In the unpublished draft that so enraged Noriega, I said:
“I suspect that Fidel Castro’s intelligence services, which have romped freely in Washington, DC for the past half-century, could be playing former US Assistant Secretary of State Roger Noriega to disseminate disinformation about the Chavez regime. I don’t have any smoking gun evidence to support my suspicions that Noriega unwittingly is being played by the Castro regime’s G-2 spymasters – just a powerful gut instinct that springs from almost 40 years of personal experience at the margins of Venezuelan politics.”
The above is one of three theories, which may or may not overlap.
Theory 1: The Cubazuela intelligence/counterintelligence machine is feeding Rodil and Gerbasi a mix of accurate and false intelligence that is then supplied to Noriega, who disseminates the material with the explicit imprimatur of his status as a former Assistant Secretary of State and OAS Ambassador. Noriega is the unwitting conduit for this mix of real and false “intelligence.” Rodil and Gerbasi, described by someone who knows them as “clueless,” also are being played by the Cubazuela counter-intelligence machine. The disinformation likely has different purposes: 1) distract US attention from other issues in Venezuela , 2) confuse US policymakers (most congressional staffers and their bosses are not well-versed in Latin American issues), 3) set up future opportunities to discredit the US government. If Cedeno can be discredited in the US and Venezuela by a former senior official like Noriega, then possibly Aponte Aponte’s credibility also can be shot down in the US Congress, where US legislators who care about the situation in Venezuela might be persuaded that Aponte is a congenital liar; but Noriega doesn’t know he’s being played.
Theory 2: Someone involved financially or operationally with the Venezuelan component of Noriega’s Vision Americas operation possibly has a grudge against Cedeno. Anyone who has spent serious time in-country in Venezuela knows that the country’s banking system is hugely corrupt – before and since Chavez.

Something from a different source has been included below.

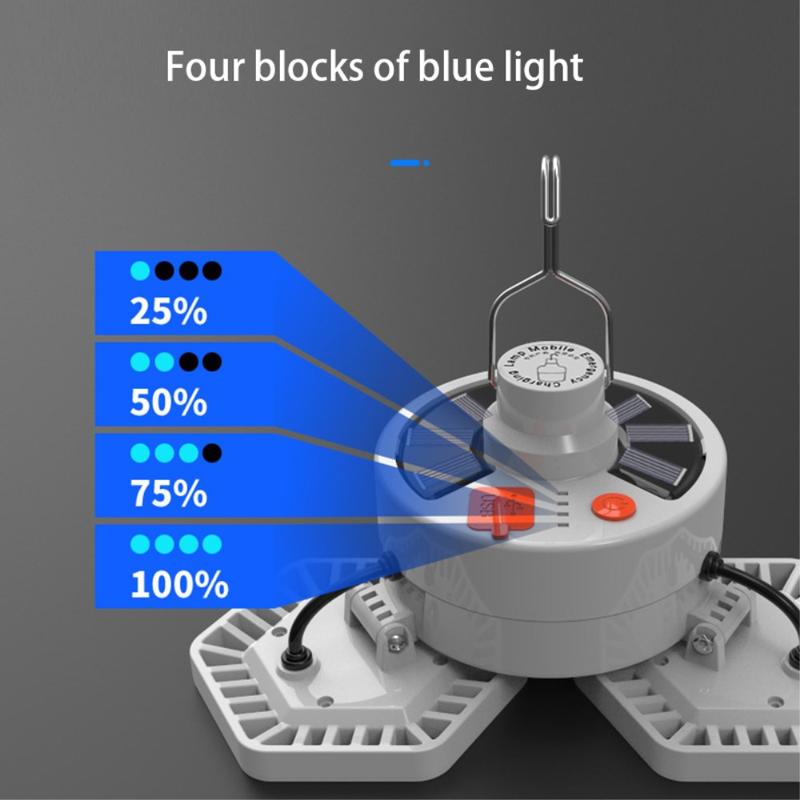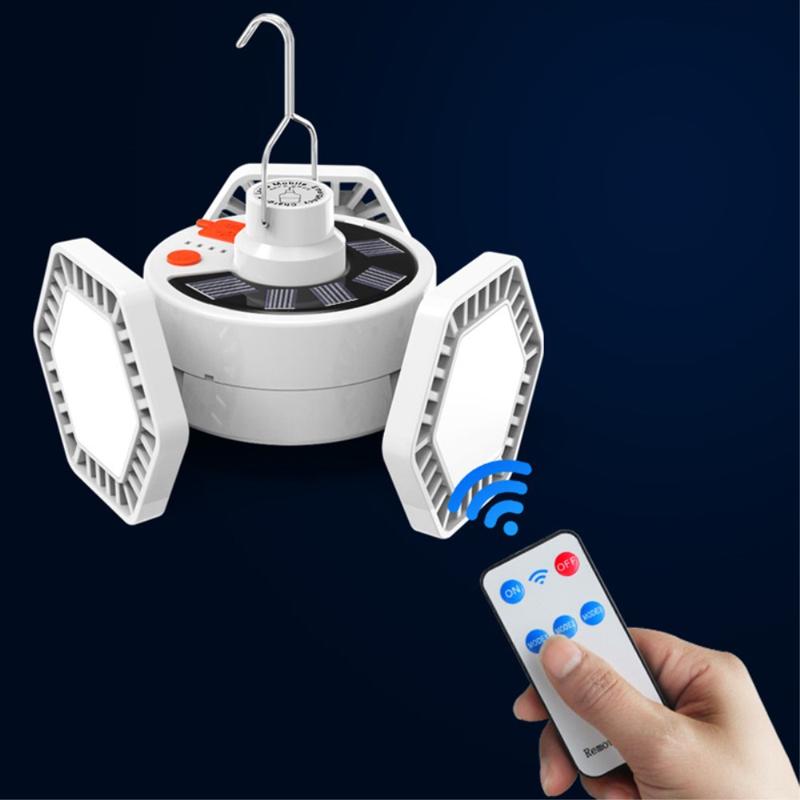 V126 solcelledrevet campinglanterne - 3-blads foldbar LED-lygte og powerbank, USB/solopladning, fjernbetjening (126 LED'er)

There are a handful of good banks managed professionally by men and women of great integrity and honesty. But generally, Venezuelan bankers are a scurrilous pack of scoundrels. Cedeno made a lot of money in banking and likely stepped on toes whilst climbing fortune’s ladder. It’s plausible that someone with a direct or indirect stake in the Venezuelan components of Vision Americas are using Noriega, again unwittingly, to disseminate disinformation calculated to make Cedeno appear to be involved in drug trafficking – even if by extension that meme also discredits Aponte Aponte.
Theory 3: Noriega is ambitious, impulsive, but also a bit naïve, considering that he apparently accepts the information he receives via Rodil as 100% genuine. Washington is an intoxicating – and too often also toxic – place to work. The notorious “revolving door” permits former government officials to leverage the contacts made whilst in government to earn a living as private consultants and lobbyists, always eyeing possible future job opportunities in the next administration. When Latin American moneyed types and governments are seeking influence in Washington, DC, they tend to seek out former highly-placed government officials-turned-consultants/lobbyists (i.e. political access merchants). But Latin America generally is small potatoes with both political parties, and the competition for consulting/lobbying contracts and government posts involving Latin America is fierce. To be taken into account by the big dawgs in DC’s politics, one must stand apart from the rest of the crowd. Yet at the same time, the “pool” of Latin America expertise – and particularly Venezuela expertise – tends to be very small and decidedly too partisan in some quarters. Visualize Moses parting the waters in a turtle bowl. Maybe it’s just a case of trying too hard to stand out above the rest.
Me sainted Irish grandmother, God rest her soul, would have said, “Meshuggah!”